Вот так. Я предпочитаю думать, что она сказала это, чтобы мы не поженились машинально, как женятся после университета многие пары. Это было скорее предупреждение, условие, заранее избавляющее ее от ответственности, штрих-код на наших отношениях, который как бы давал мне ощущение, будто наша любовь стремится к бесконечности, а на самом деле, наоборот, ставил на нашей любви закодированный срок годности, который могла прочитать только она.
Когда я получил диплом, я все-таки сделал ей предложение. Между нами произошел примерно следующий разговор:
Я: Агги, давай поженимся, то есть я хочу сказать – выходи за меня замуж.
Агги (твердо): Нет.
Я: Почему?
Агги: Мне это не понравится. Это будет ограничивать меня.
Я: Откуда ты знаешь? Ты же не была замужем.
Агги: Нет, но я какое-то время жила с парнем.
Я: Ты… что? У тебя был… ты жила с…
Агги: Не надо было тебе говорить. Я знала, что ты шум поднимешь.
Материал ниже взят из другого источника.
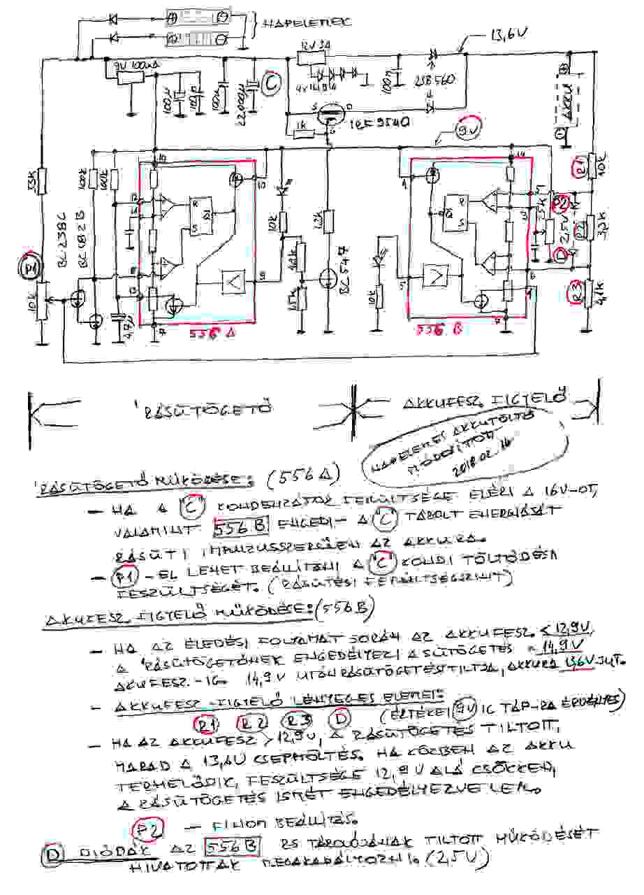 Töltés vezérlésére egy 555 időzítőt gondoltam beépíteni, kissé szokatlan kapcsolásban alkalmazva. Ő engedélyezné, vagy tiltaná a 'rásütögető működését 12,9 V - 14.8 V akkufesz függvényében. Kapcsolás, részletes működés elemzése a mellékletekben. Gondom, kérdésem: - az akkufesz. figyelőben az 555 trigg. bemenete éledés és működés közben trigg. jelként nem kötődik gnd. -re, csak a referencia feszültségszintje ( 9V tápnál 3V ) alá. Életképes ez így ??? Ilyen kapcsolással még nem találkoztam. - elhagyhatom- e a 12 V stabkocka, és az IRF utáni diódákat ? Az történik ekkor, hogy ezen alkatrészek éledés közben az akku felől magasbb feszültségszintet kanak, mint amire számítanak. Ha elhagyom, nyerek kb. 0.6 V- ot. Kérlek tisztelettel nézzél rá, részletek a mellékletekben. Tisztelettel

Я (обиженно): Шум? Подниму? У меня есть полное право поднимать шум, узнав, что моя девушка на самом деле уже «жила» с каким-то парнем. Кто это? Я его знаю?
Агги: Нет… да, вообще-то.
Я: Кто? Кто из них это был?
Агги: Мартин.
Я (громко крича): Мартин? Мартин! Но у него же глаза слишком близко посажены. Ты не могла жить с человеком, у которого так близко посажены глаза! Ты ошиблась, этого не может быть.
Агги: Вилл, у тебя истерика.
Я: Это не истерика. Это я. Я просто остаюсь самим собой. Тебе тоже стоит это как-нибудь попробовать.
Я знал всех ее бывших – после нашего четвертого свидания я настоял, чтобы она о них рассказала. Из всех семерых Мартин мне особенно не понравился. Агги было всего семнадцать, когда она встретила его в ночном клубе в Ноттингеме. Через три недели она переехала в комнату в его общежитии и, в конце концов, в его спальню. Ему было двадцать, и он изучал политику в Политехническом институте. Он был жалок, при виде его вспоминались лозунги типа «Аристократов на фонарь»[59]59
Лозунг времен великой французской революции, восходит к тексту «Марсельезы».
[Закрыть]. С рождения и до восемнадцати лет он воспитывался в частном пансионе, где занимался греблей, собирал марки и играл в «D&D»[60]60
«Dangeons and Dragons» – игра на основе романов-фэнтази.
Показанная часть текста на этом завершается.